In the mountains of Tusheti, you can expect to come across stone shrines and churches and mountaintop castles. You can also visit Dartio, a village dating back to the Middle Ages, that was reconstructed with the assistance of World Bank in 2011 and is now open for the public to safely explore.

The Unique Culture

Situated far away urbanized and industrialized regions of the world, Tusheti has preserved many old-world traditions. For example, Tushetian children play ancient games such as “Playing with the Ball,” “Bow and Arrow,” and “Distance Jumping,” in an effort to develop the strength, flexibility, speed, and dexterity they will need as adults to survive in Georgia’s most remote area. Locals are usually more than happy to teach visitors the rules of the game and even encourage them to play along. In their free time, the people of Tusheti often turn to folk art projects and music to occupy their time.

Using natural materials, they knit and create finely embroidered products, including colorful rugs, socks, hats, and clothes that they are more than willing to share with visitors. In fact, you will probably leave with some sort of artisanal work as a souvenir of your trek through Tusheti.

Tusheti hosts an annual folk festival, known as the Atengenoba Festival, that visitors are invited to attend. This joyous event has been held for centuries and includes horse races, various competitions, a shepherd’s blessing, toasts to various shrines and in memory of deceased relatives, and plenty of food and drink.

While life in Tusheti has remained largely unchanged for centuries, it is worth noting that the region is intent on making updates that are more likely to appeal to visitors.

Friendly Locals Who Welcome You into their Villages

Despite living off the beaten path in an area of the world that has been left largely untouched by technology and consumerism, the people of Tusheti go out of their way to make visitors feel as if they are at home. Simply put, in Tusheti, there really is no line between friend or family member and stranger. If you have traveled to their area, you can expect to well cared for by locals. This is particularly true for anyone traveling solo. Locals are more than willing to help you regardless of any language barrier. However, you should be ready to answer this one important question, “Why Tusheti?”
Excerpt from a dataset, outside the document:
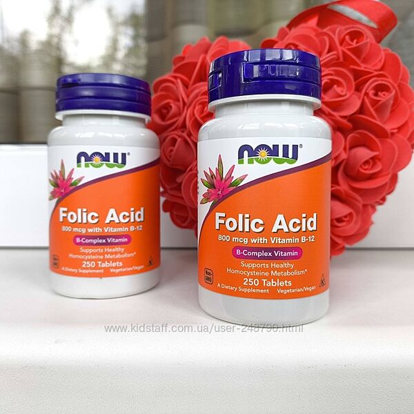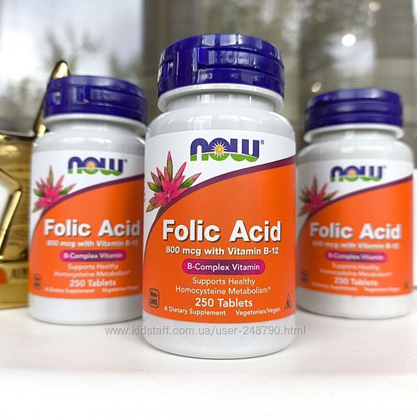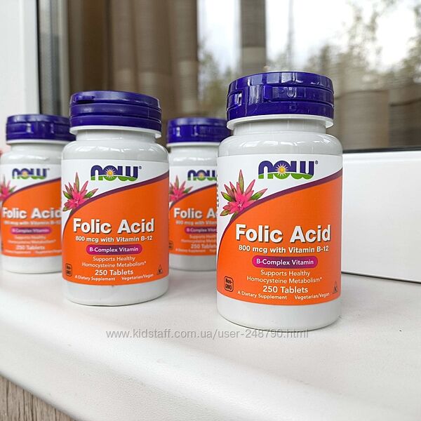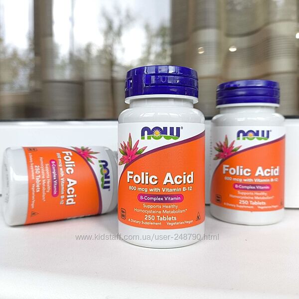 1) Фолієва кислота В9 з вітаміном В12, 800 мкг, В 9, В 12, США, 250 таблетокNow Foods Фолієва кислота B9 з вітаміном B12, 800 мкг, 250 таблеток
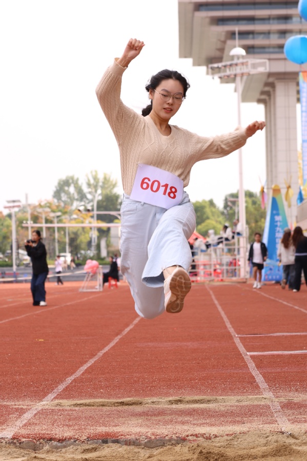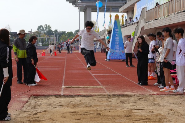国际教育学院的学生郑余豪在男子跳远比赛中跳出5.48米的出色成绩,将第一名收入囊中,虽然他其中一跳因违规被判无效,却依旧以平常心面对。他的赛后感悟道出了众多运动员的心声:“我认为全力以赴的比赛过程比结果更有分量,无论输赢,这段经历都弥足珍贵!”

It is not unusual for locals to invite visitors to stay overnight in their guesthouses, join them around a campfire as shepherds retell stories of past cattle drives, participate in birthday celebrations, or sit down with them for a family meal.

The Food

In Tusheti, eating good meals that have been freshly prepared is the norm and of course, visitors are invited to sit down for meals. It is worth noting that Tusheti farmers do not raise pigs and as a result, pork is not eaten in Tusheti. (Visitors are also asked not to bring their own pork into the area.) That being said, you can expect meals to include Borjomi mineral water that is believed to have curative properties, dry white wine, khinkali (a type of dumpling stuffed with various herbs and meats), khachapuri (an iconic Georgian treat of bread stuffed with melted cheese), lobio (a vegetarian bean dish), and a wide array of unusual types of cheese homemade from sheep’s milk, such as gudiskweli and brindza.